Read Together: Eating the Alphabet #1

  • flower
  • leaf
  • part
  • plant
  • root
  • stem

MA Standards:

Literature/RL.PK.MA.1: With prompting and support, ask and answer questions about a story or a poem read aloud.
Literature/RL.PK.MA.4: With prompting and support, ask and answer questions about unfamiliar words in a story or poem read aloud.
Literature/RL.PK.MA.9: With prompting and support, make connections between a story or poem and one’s own experiences.
Literature/RL.PK.MA.10: Listen actively as an individual and as a member of a group to a variety of age-appropriate literature read aloud.

Head Start Outcomes:

Literacy Knowledge/Book Appreciation and Knowledge: Asks and answers questions and makes comments about print materials.
Literacy Knowledge/Alphabet Knowledge: Recognizes that the letters of the alphabet are a special category of visual graphics that can be individually named.

PreK Learning Guidelines:

English Language Arts/Reading and Literature 6: Listen to a wide variety of age appropriate literature read aloud.
English Language Arts/Reading and Literature 7: Develop familiarity with the forms of alphabet letters, awareness of print, and letter forms.
English Language Arts/Reading and Literature 10: Engage actively in read-aloud activities by asking questions, offering ideas, predicting or retelling important parts of a story or informational book.

Read Together: Eating the Alphabet #1

© Commonwealth of Massachusetts, Department of Early Education and Care (Jennifer Waddell photographer).
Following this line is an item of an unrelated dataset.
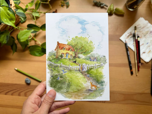 Cottage with Cats on a Sunny Hill Watercolor Illustration Art Print

All rights reserved.

STEM Key Concepts: There are many different types of plants; Many foods that animals, including humans, eat come from plants; We eat certain leaves, roots, fruits, and seeds

ELA Focus Skills: Listening and Speaking, Vocabulary

Before You Read
Show children the cover of the book. Point to the words as you read aloud the complete title and the name of the author and illustrator. Ask children to name the different fruits and vegetables they see on the cover. Explain that this is an alphabet book about different foods. Set a reading focus for children by having them identify what part of the plant each food is from.

As You Read
As you move through the pages, point to the letter before you read the rest of the page. Ask children to say the name of the letter if they recognize it.

  • Pause on each page and have children identify foods they recognize. Have them describe what they know about the food (taste, feel, smell, etc.) Then point to and read the names of each fruit and vegetable.
  • Pause on spreads and point to a food and ask children what part of the plant it is from. (asparagus/stem; carrot/root; cabbage/leaf; broccoli/flower; etc.)

After You Read
Talk with children about the book. Ask questions such as,

  • Did you see any of your favorite foods in the book?
  • What is one food you saw in the book that you think animals will eat? Why do you think that?
  • Why do you think the title of the book is Eating the Alphabet?

Take It Further: Turn to the glossary pages and tell children that these pages list all the plants in the book. Say, These pages also tell us where in the world many of the plants come from. Ask children if they remember any of the plants that were introduced in Chicks and Salsa. If children do not recall any plants from the book, point out a few and the native country or region, for example, avocado/Mexico, onion/SW Asia, jalapeno/Mexico. You may want to point out some of the foods that are native to North America (blueberry, corn, huckleberry).

Cultural Connection: Allow children from different areas to identify foods that are part of their family’s culture. Ask them to describe how the food tastes, smells, and feels, and how their family uses the food in recipes at home.

Adaptation: For this first reading you may want to have children identify only the fruits and vegetables they know. Then, at a later date, return to the book and read the names of all the foods shown.

Adaptation: For centers with young children, you may want to focus on specific letters and only read those pages. Then return to the other pages at a later date.

Adaptation: If young children have trouble concentrating as you move through the book, read a few pages and return later to read more.

Adaptation: Challenge older children to name another fruit or vegetable for each letter.